THE North-East has recorded the highest obesity-related hospital admission rate in the country, figures have revealed.

In 2011/12, 11,740 people were admitted to hospitals in England with a primary diagnosis of obesity - triple the number recorded five years earlier.

According to the Health and Social Care Information Centre (HSCIC), female admissions were almost three times the number of male admissions.

The North-East Strategic Health Authority (SHA) recorded the highest admission rate with 56 of every 100,000 people in the region admitted. The East of England recorded the lowest admission rates at 12 per 100,000.

The data also shows a sharp increase in the number of bariatric procedures conducted.

In 2011/12, 8,790 people across the country underwent a procedure to help them lose weight - such as stomach stapling or a gastric bypass - over four times more than the number conducted in 2006/07.

The figures show that England’s obesity epidemic has got progressively worse over the last two decades.

In 1993, 13 per cent of men and 16 per cent of women were obese and the figures soared to 24 per cent and 26 per cent respectively by 2011.

One in ten children are obese when they start school.
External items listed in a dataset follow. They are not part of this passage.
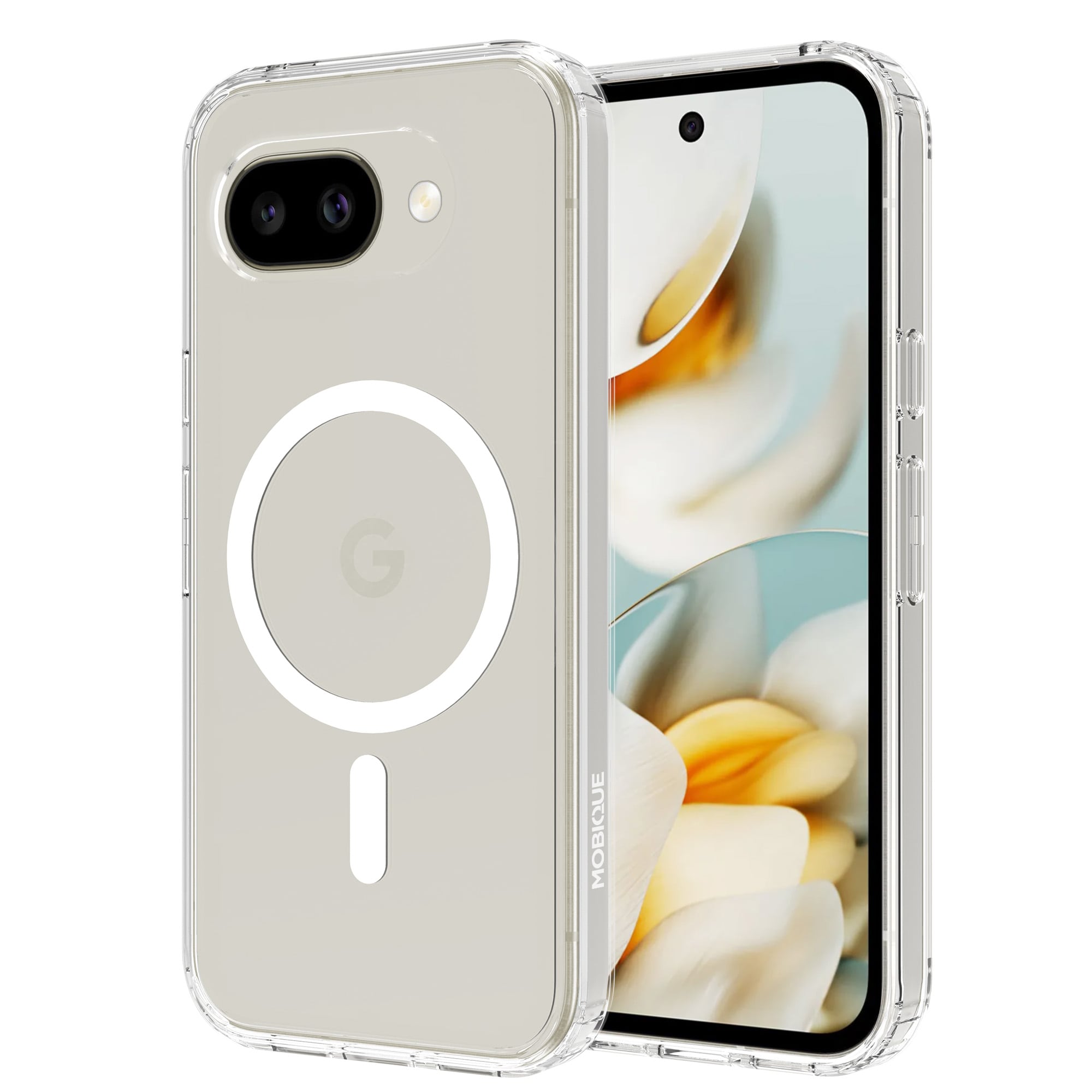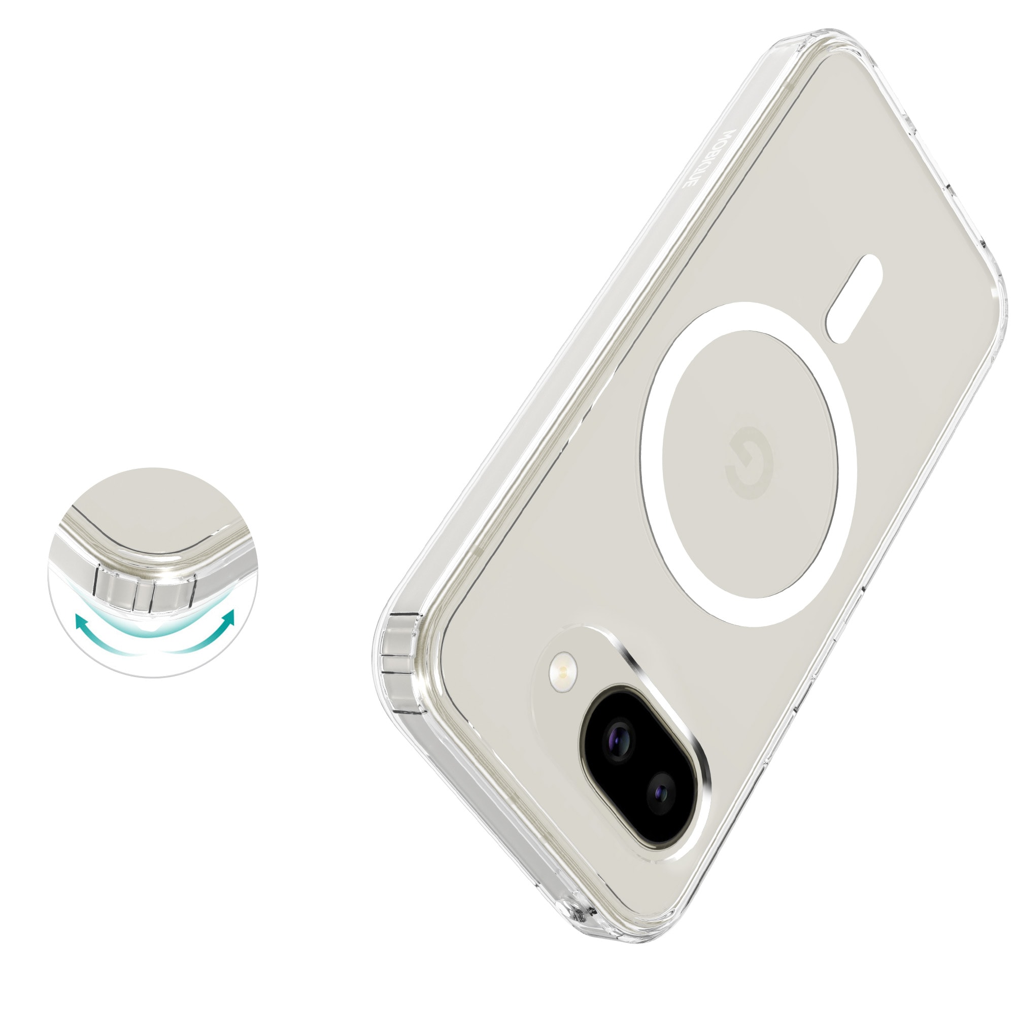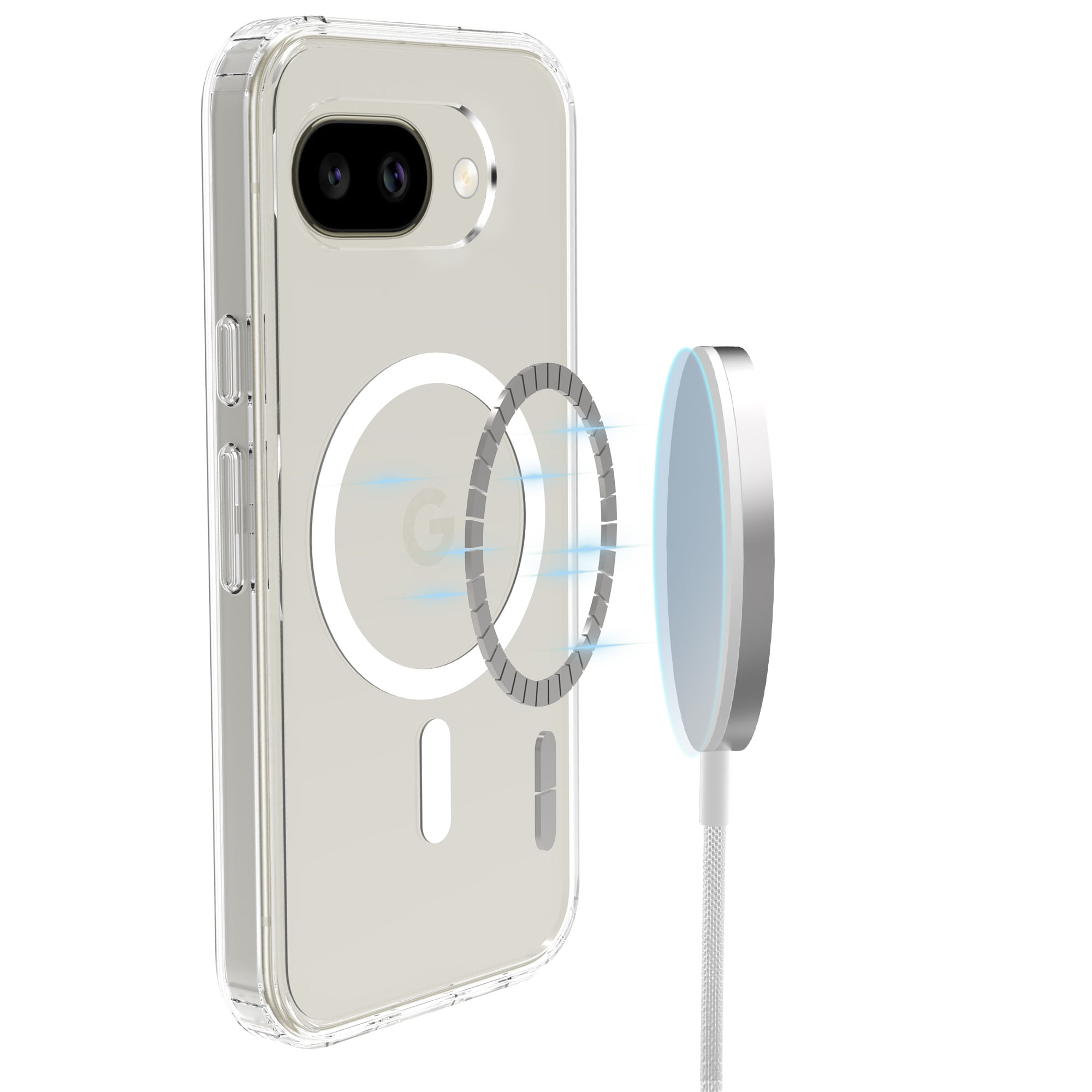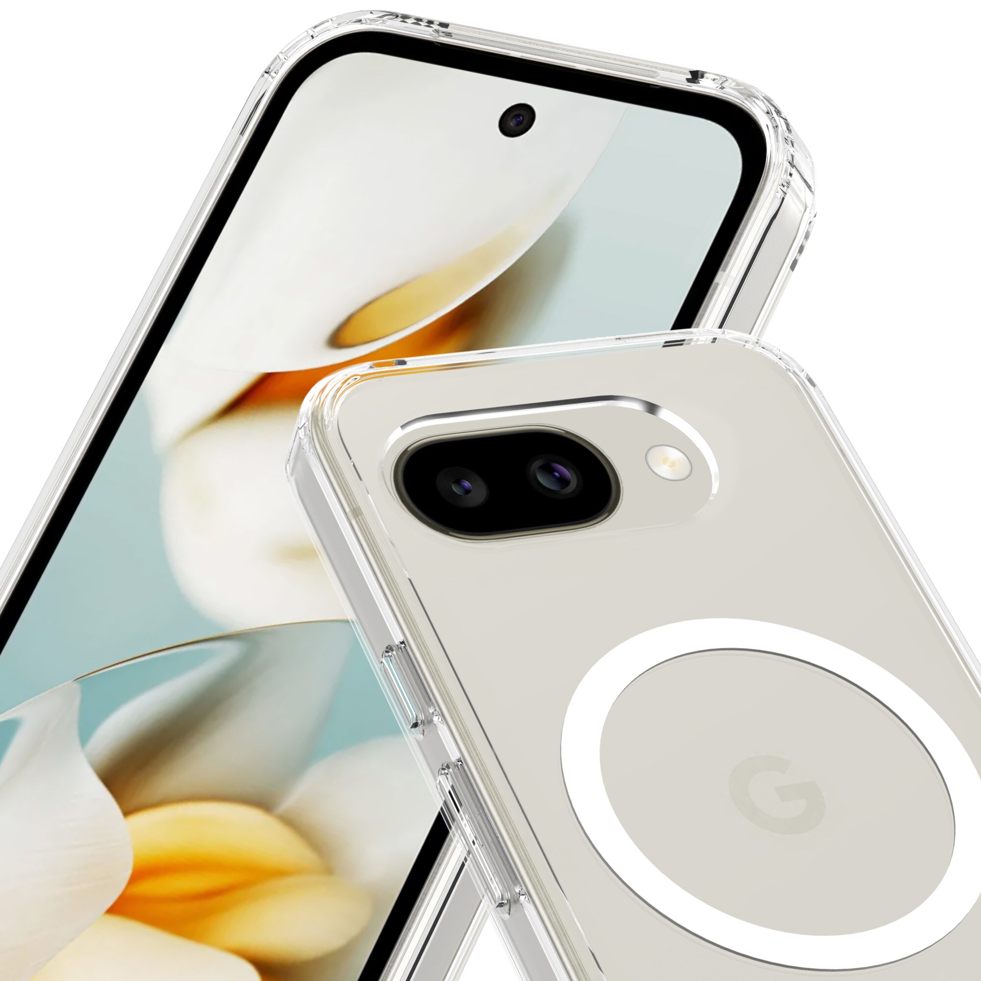Hybridhülle mit magnetischem Ring für Google Pixel 10a. Für optimalen Schutz vor Stößen und Stürzen ist die Hülle zweischichtig mit einem TPU-Kern und einer Außenschale aus Hartplastik. Der Ring auf der Rückseite ist magnetisch und kann mit MagSafe-kompatiblem Zubehör wie Ladegeräten und Kartenhaltern verwendet werden.
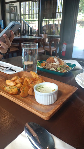 Read moreFood took long time to get (45-70min) and each dish was served with 15min waiting between even tho we where the only guests and they somehow forgot one of three burgers we ordered, my pancit and bicol express taste good but the meat on it was 100% fat, service was slow and drinks (took 20min to get)was not served to each individual just put on table end. The whole place is strangely built with many rooms without vibes and ambiance that other fake...
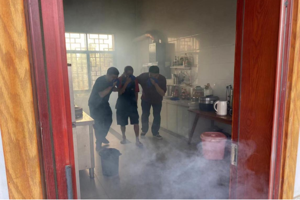 随后食堂冒出滚滚浓烟,伴随一阵呼救声,演练正式开始。总指挥吴勇同志一声令下:“启动消防应急预案!”。各应急小组紧急集合,救援组迅速前往食堂对被困人员进行施救,并有序撤离到安全位置;灭火抢险组拿起灭火器,在火源上风位置对准火源根部点喷灭火,将火势迅速扑灭。整场演练分工有序,忙而不乱,配合默契,充分展示了北部补水全体干部职工的快速反应能力和救援处置实力。
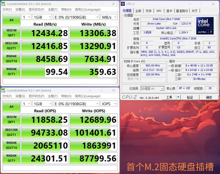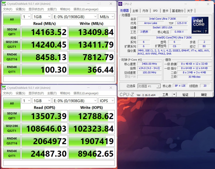 回到英特尔酷睿Ultra7 265K+Z890M主板平台,实测宏碁掠夺者GM9000固态硬盘的顺序读取写入速度分别为14163MB/s与13409MB/s,4K单线程的读写速度分别为100.3MB/s与366.44MB/s,4K随机读写IOPS分别为2064K与1907K,在AMD/Intel两个硬件平台上均能达到标称的顺序读写速度, 4K随机读写均高于标称值2000K与1600K。
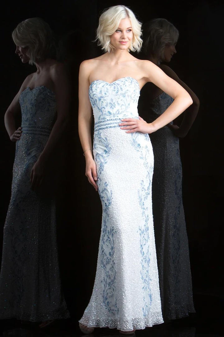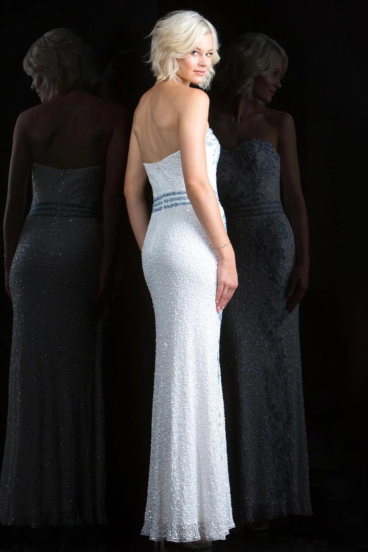 | Details: | Strapless, Ornate Spaghetti Straps, Beaded Scrolls, Sequins, Mid-Open Back, Back Zipper Closure, Full Length Hem |
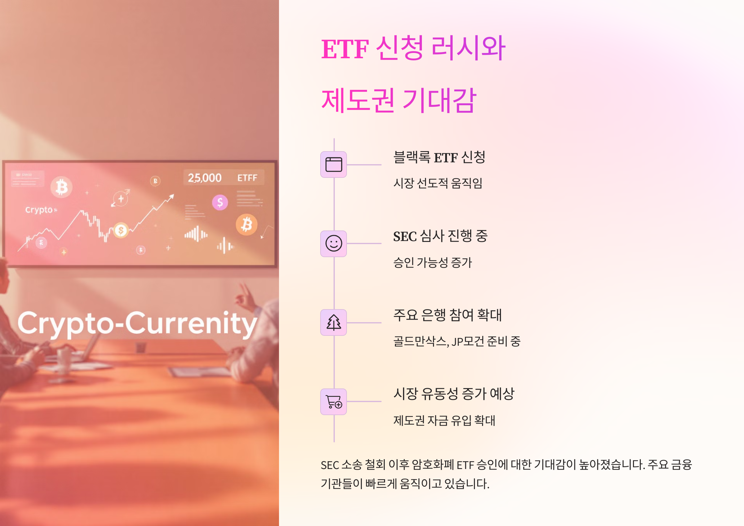시장에서는 이제 '리스크 해소'를 넘어서 '합법화된 자산'으로서의 재평가가 시작된 거예요. 이 흐름은 단기 상승보다 장기 구조적 상승에 더 큰 영향을 줄 수 있어요. 🌄
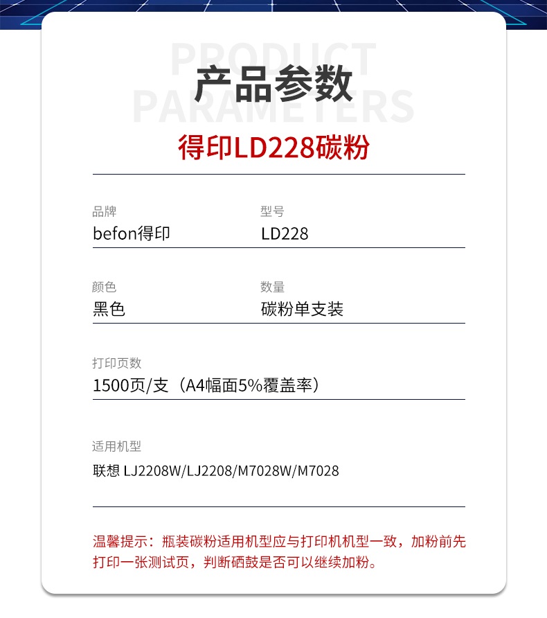 得印LD228碳粉 单支装适用联想小新M7208W 7208W m7268w M7218W单位:支 LD228碳粉
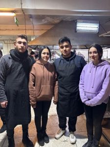 Damla Eroğlu, Yaren Ballı, Murat Özdemir ve Furkan Bozkurt Kahramanmaraş’ın Elbistan İlçesinde Depremzedelerin beslenme ihtiyaçlarını karşılamak için kurulan mutfakta sıcak yemek üretimine destek veriyor.
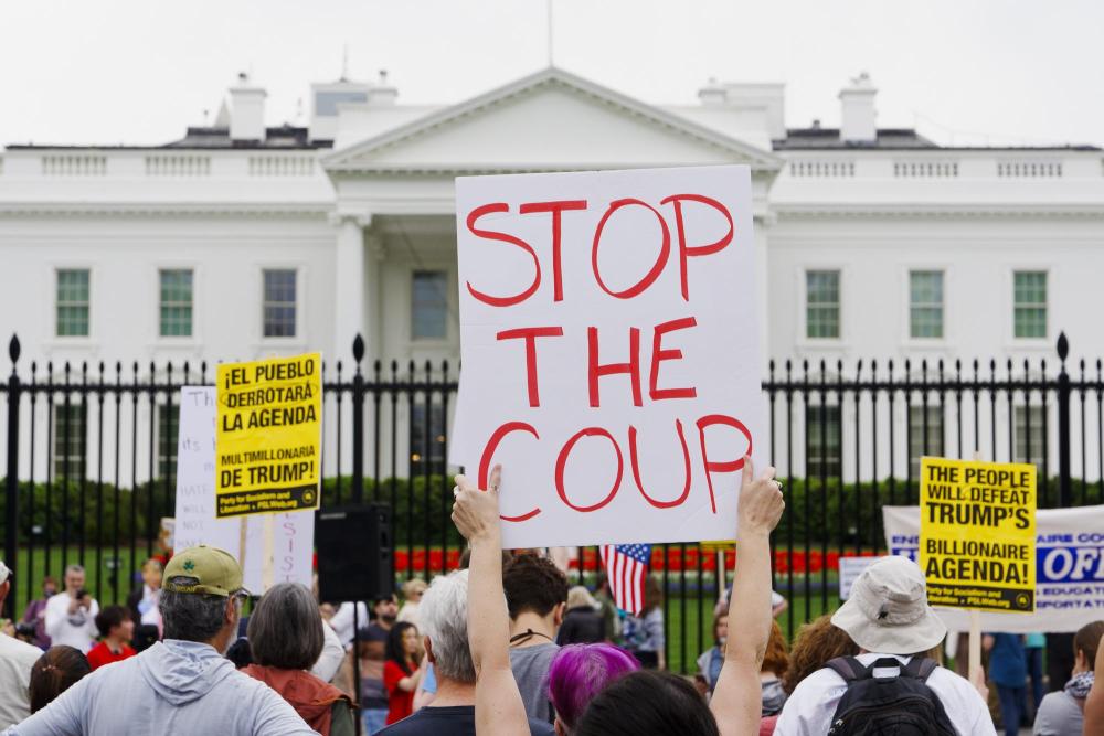4月19日,人們?cè)诿绹?guó)首都華盛頓白宮門前參加抗議活動(dòng)。美國(guó)多地19日舉行抗議活動(dòng),首都華盛頓、紐約、舊金山、波士頓等城市的民眾走上街頭,抗議現(xiàn)政府大規(guī)模裁員、加征關(guān)稅、驅(qū)逐移民等政策。新華社發(fā)(亞倫攝)
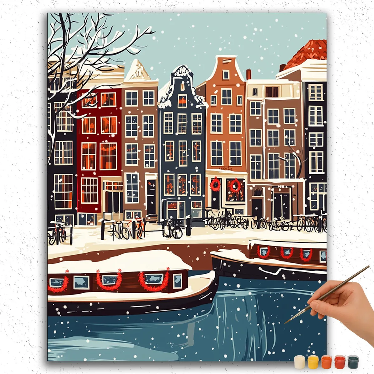 Verwandeln Sie Ihre Wände mit unserem Malen-nach-Zahlen-Set ‘Schnee auf Gebäuden’. Diese Winterszene fängt die friedliche Schönheit verschneiter Architektur in atemberaubenden Details ein. Das Set enthält eine vorbedruckte Leinwand, hochwertige Acrylfarben und feine Pinsel für ein angenehmes Malerlebnis.
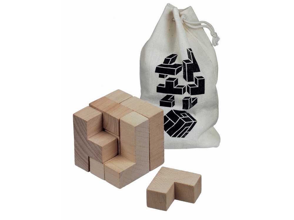 Головоломка Solfee. Деревянная квадратная головоломка в хлопковом мешочке 10 х 18 см. Головоломка состоит из 7-ми частей. Дерево. Гравировка (CO2 лазер) (Без чернения) на данный товар осуществляется бесплатно. Оплачивается только настройка оборудования в размере 2700 рублей на весь тираж.
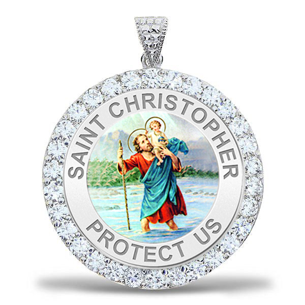 Saint Christopher CZ Round Religious Medal - " COLOR EXCLUSIVE"
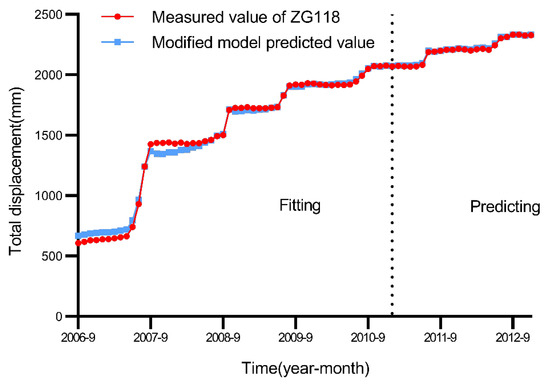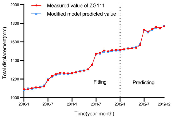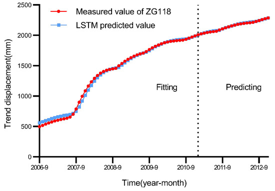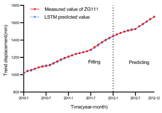 Because the displacement trend represents the intrinsic displacement change inside a landslide, it is less affected by external influences. In addition, the displacement trend of a landslide can represent the current state of the landslide, so this study uses the displacement trend of the first 12 months of a landslide to indirectly represent the state of landslide as the input variable to the LSTM model to predict the trend term of displacement and the predicted trend displacement as the output sequence. In this paper, the displacement trend data of the Baishuihe landslide in the first 76 months and of the Bazimen landslide in the first 48 months are used as the training data of the model to predict the trend displacements of Baishuihe landslide after 24 months and of Bazimen landslide after 12 months. The comparison between the prediction and actual results is shown in Figure 11 and Figure 12. It is obvious the modified model can precisely fit and predict the trend displacement of both landslides.
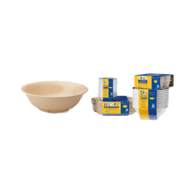 The GET Enterprises SP-M-810-T Supermel™ Bowl is a versatile dining solution, crafted for both durability and convenience in various food service settings. This bowl features a 16 oz. capacity, with the ability to reach 24 oz. when filled to the rim, providing ample space for a variety of serving needs. Measuring 6-1/2 inches in diameter and standing at 2-1/4 inches tall, its compact size makes it ideal for efficient storage and handling. Constructed from break-resistant melamine, the bowl is designed to withstand the rigors of high-volume use, maintaining its quality over time. Its tan color adds a subtle elegance, blending seamlessly with a range of tableware. The bowl is also dishwasher safe, ensuring easy cleaning and maintenance, which is crucial for maintaining hygiene standards in food service environments. Additionally, the product meets NSF certification requirements, confirming its adherence to strict public health and safety guidelines. Packed by the dozen, the GET Enterprises SP-M-810-T Supermel™ Bowl is a practical choice for restaurants, catering services, and institutional dining facilities seeking reliable and attractive tableware options. Its thoughtful design and robust construction make it a valuable addition to any professional kitchen or dining service operation.
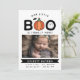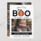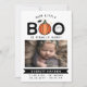 Announce your Halloween baby with this cute pumpkin themed baby announcement card in white with Our little Boo is finally here written at the top. A pumpkin replaces one O and a ghost dances in the other O. Add your baby's name in white on a black label.

In 2011/12, 9.5 per cent of children in Reception class - who are aged just four and five - were classed as clinically obese.

HSCIC chief executive Tim Straughan said: “It won’t have escaped the majority of people that obesity is a high profile issue in this country.

“Based on the Body Mass Index measurement, the proportion of adults estimated to be of a normal weight has dropped substantially since this reports time series began in 1993.”